Herbert Pepperdine spent more than 8 days underground after deadly 1958 bump
The last man to emerge from the ground after the 1958 Springhill mining disaster has died at age 95. An obituary posted Sunday for Herbert Pepperdine stated the former coal miner died Friday in hospital in Springhill, N.S.
“He was just a treasure to the community. He started working in the mines when he was 14 years old and even after ’58, after he was trapped eight-and-a-half days, he works 10 more years in the last working mine that was in Springhill,” said Tony Somers, a tour guide at the Springhill Miners Museum.

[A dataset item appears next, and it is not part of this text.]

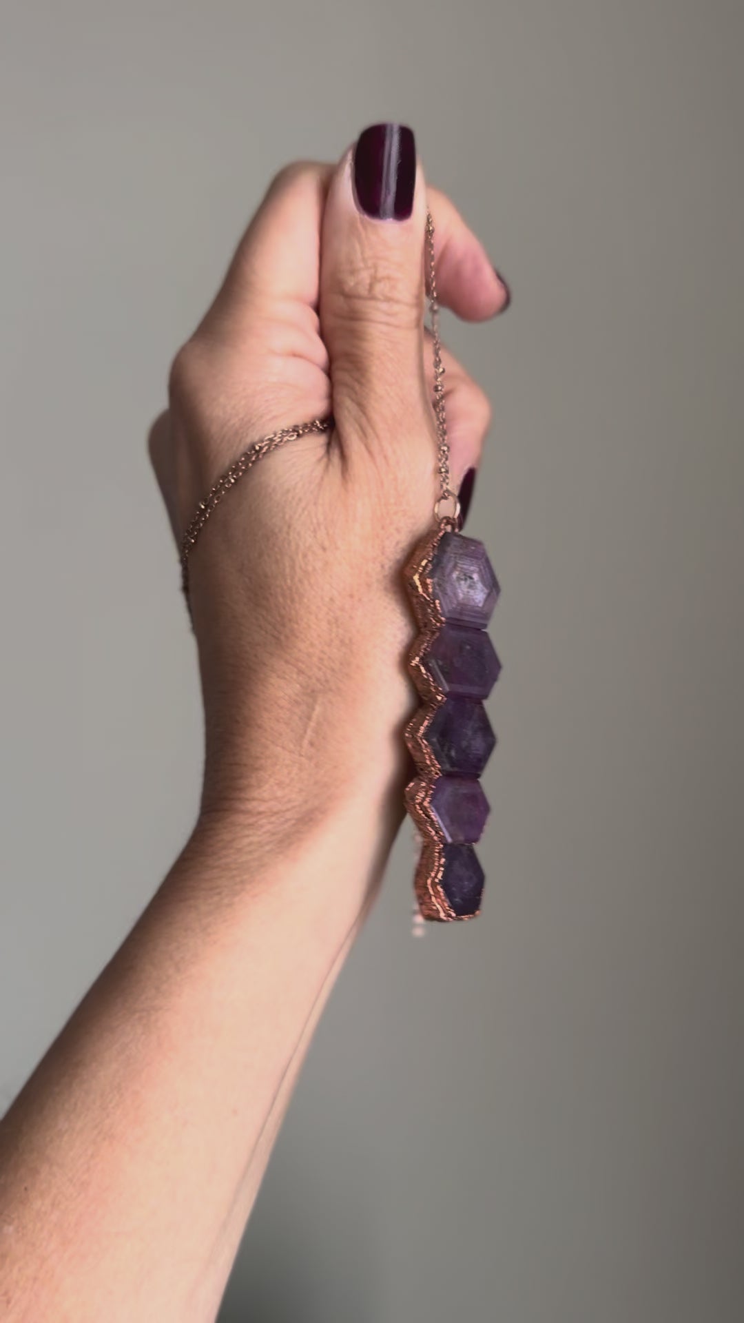 Composed of five beautiful natural sections of ruby root arranged vertically like a column of purple light.

The disaster, known as the bump (like an underground earthquake), occurred Oct. 23, 1958. There were 175 men in the mine at the time; 75 of them were killed. While Pepperdine would occasionally talk about the 1958 disaster, Somers said it wasn’t something he enjoyed.
In a 2008 interview with CBC News, Pepperdine recalled what happened leading up to the bump. “There was a bang in me ears it threw me back quite a ways, my face blew up like a balloon,” Pepperdine told CBC News “And you couldn’t see nothing for stone dust, your light shone through just like a fog.”
He sat in the dark for more than eight days without food or water, with the stench of corpses hanging in the air. “I didn’t think I would last it, I was pretty well gone,” Pepperdine said. “I thought we all had the biscuit but I was laying there and I think the eighth day or so I seen this bright light in my eyes one of the rescue men.”